Одна ее крохотная ножка была с тщательностью обута в изящный, кожаный босоножек, другая – нет. Она покачивала ею тихонько, неслышно, переворачивая страницы какой то книги, склонив голову к плечу, и то и дело прикасаясь к жемчужным бусинам на шее, словно они мешали ей.

Пожимая ее теплую, мягкую руку с длинными артистическими пальцами и сильной ладонью с двумя мозолистыми бугорками от строгих изящных колец, среди которых тогда не было – обручального, отвечая на ее приветствие, сказанное мягко и как то тепло и сердечно, я уже понимал, что никуда не уйду отсюда. Ни сегодня. Ни завтра. Ни через сотню лет. Ибо мое сердце сразу, моментально, гибельно и прочно, упало к ее ногам, не замедляя ритма, как испуганный заяц, и билось прямо перед крохотными пальчиками в тонком прозрачном капроновом чулке, с крохотной дырочкой на шве…

Да – да, я понял тотчас же, бесповоротно, непреложно, что никогда и никуда больше не уйду от ее духов, контура ее колен под велюром или шелком платья, под едва заметным абрисом белья. Не уйду от очертаний ее шеи, локтей, от ее листков, шуршащих в блокноте. От ее строф, троеточий, черточек, штрихов, длинных тире, рассыпанных, чуть небрежно и насмешливо, незримо, по ободу круглого столика с одинокой розой в керамической вазе.

От ее запястий, окованных браслетами, простыми и изящными, как она сама. Из потемневшего, недорогого турецкого золота и цирконитовых камешков. От мягкости ее нежных губ, слегка закушенных – почти всегда в попытке избыть грызущую ее прочно, изнутри, боль. От ее голоса, магия которого – в приглушении вечной лавины нежности и солнечного интереса к миру, к тебе – лично, ко всему вокруг… Лавины, извергающейся тотчас, моментально из раскрытого, распластанного на ее ладони сердца. Любимого мною. До безумия.
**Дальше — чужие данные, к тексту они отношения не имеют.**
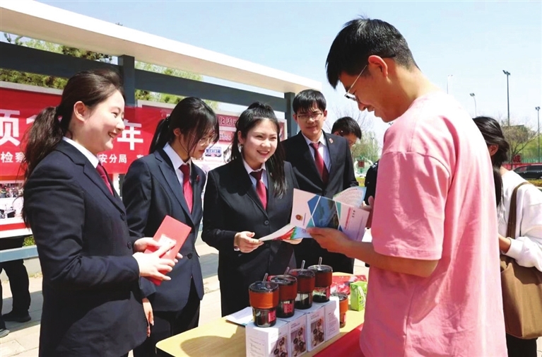 检察干警还引导在校大学生扫码关注该院微信公众号、抖音账号,通过线上了解更多法律知识,进一步提升大学生群体知法懂法守法、遇事找法的法律意识。

Не уйду никуда, пусть хоть сто тысяч раз схлынут и разольются вновь под моими ногами летейские воды…

Первым моим и самым естественным желанием тогда было: сесть прямо на пол, у ее ног.

И я сделал это, отбросив в сторону трость и пальто… Она ничуть не удивилась, только перелистнула страницу в книге и, положив руку мне на голову, нежно ероша волосы на моей макушке, принялась читать вслух, прямо с середины…

Под моими губами, ладонью, птенчиком, испуганным, любопытным, нежным, билась тонкая жилка – вена на ее округлом колене. В другой руке я держал крохотную стопу в тонком капроновом чулке, трепетно разминая пальчики, уставшие, капризные, чуть испуганные замершие вопросительно, в ожидании непонятного еще ни ей самой, ни ее сердцу… Мне казалось тогда, что их легко сломать даже просто – дыша. И я – затаил дыхание… Как оказалось, на все время, пока она рядом…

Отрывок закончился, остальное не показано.